## ABOUT THIS EXERCISE:
Would you copy exactly the lines in the data below from the one that has "薇侣2017新品实拍高腰毛边牛仔裤女秋显瘦九分裤大码铅笔小脚裤潮" through the one that has "Потрібно відзначити одну", dropping any pictures?
::: MATERIAL TO PROCESS
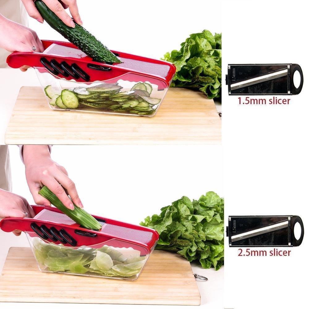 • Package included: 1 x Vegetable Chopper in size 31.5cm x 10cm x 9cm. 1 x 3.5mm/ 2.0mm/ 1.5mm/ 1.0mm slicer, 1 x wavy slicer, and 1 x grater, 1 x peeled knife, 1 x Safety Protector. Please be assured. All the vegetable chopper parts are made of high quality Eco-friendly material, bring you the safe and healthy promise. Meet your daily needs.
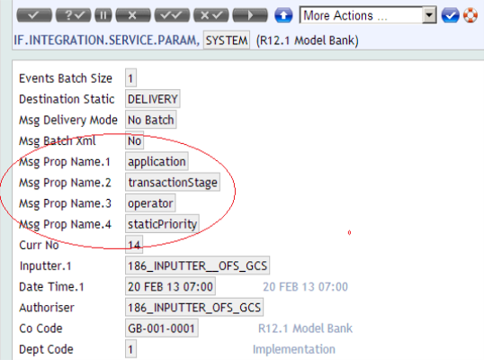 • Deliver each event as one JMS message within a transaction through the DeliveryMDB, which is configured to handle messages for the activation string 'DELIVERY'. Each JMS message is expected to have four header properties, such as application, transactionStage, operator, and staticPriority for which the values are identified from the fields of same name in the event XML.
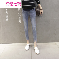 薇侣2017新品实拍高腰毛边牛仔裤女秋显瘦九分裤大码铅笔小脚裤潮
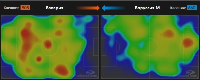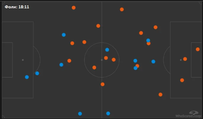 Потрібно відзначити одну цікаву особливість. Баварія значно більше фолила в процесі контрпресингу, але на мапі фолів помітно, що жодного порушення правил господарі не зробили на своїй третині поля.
::::::
::: MATERIAL TO PROCESS
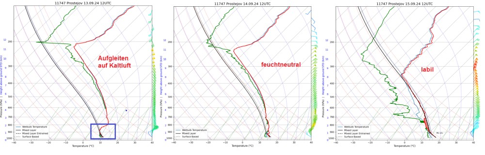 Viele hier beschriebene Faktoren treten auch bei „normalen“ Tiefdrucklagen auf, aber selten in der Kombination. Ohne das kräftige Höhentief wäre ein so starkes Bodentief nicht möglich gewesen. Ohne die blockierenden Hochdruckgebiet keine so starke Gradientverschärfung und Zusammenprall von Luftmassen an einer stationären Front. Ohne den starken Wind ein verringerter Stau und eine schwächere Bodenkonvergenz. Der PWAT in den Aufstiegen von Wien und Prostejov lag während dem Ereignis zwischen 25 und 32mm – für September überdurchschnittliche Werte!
::::::
::: MATERIAL TO PROCESS
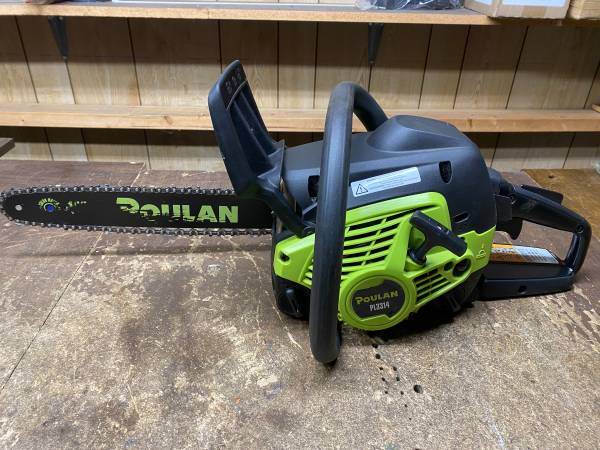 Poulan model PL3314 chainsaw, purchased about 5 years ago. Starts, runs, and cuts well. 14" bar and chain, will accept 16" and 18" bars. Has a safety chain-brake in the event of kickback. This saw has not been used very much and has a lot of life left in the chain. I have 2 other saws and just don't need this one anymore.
::::::
## EXERCISE RESPONSE:
 薇侣2017新品实拍高腰毛边牛仔裤女秋显瘦九分裤大码铅笔小脚裤潮
 Потрібно відзначити одну цікаву особливість. Баварія значно більше фолила в процесі контрпресингу, але на мапі фолів помітно, що жодного порушення правил господарі не зробили на своїй третині поля.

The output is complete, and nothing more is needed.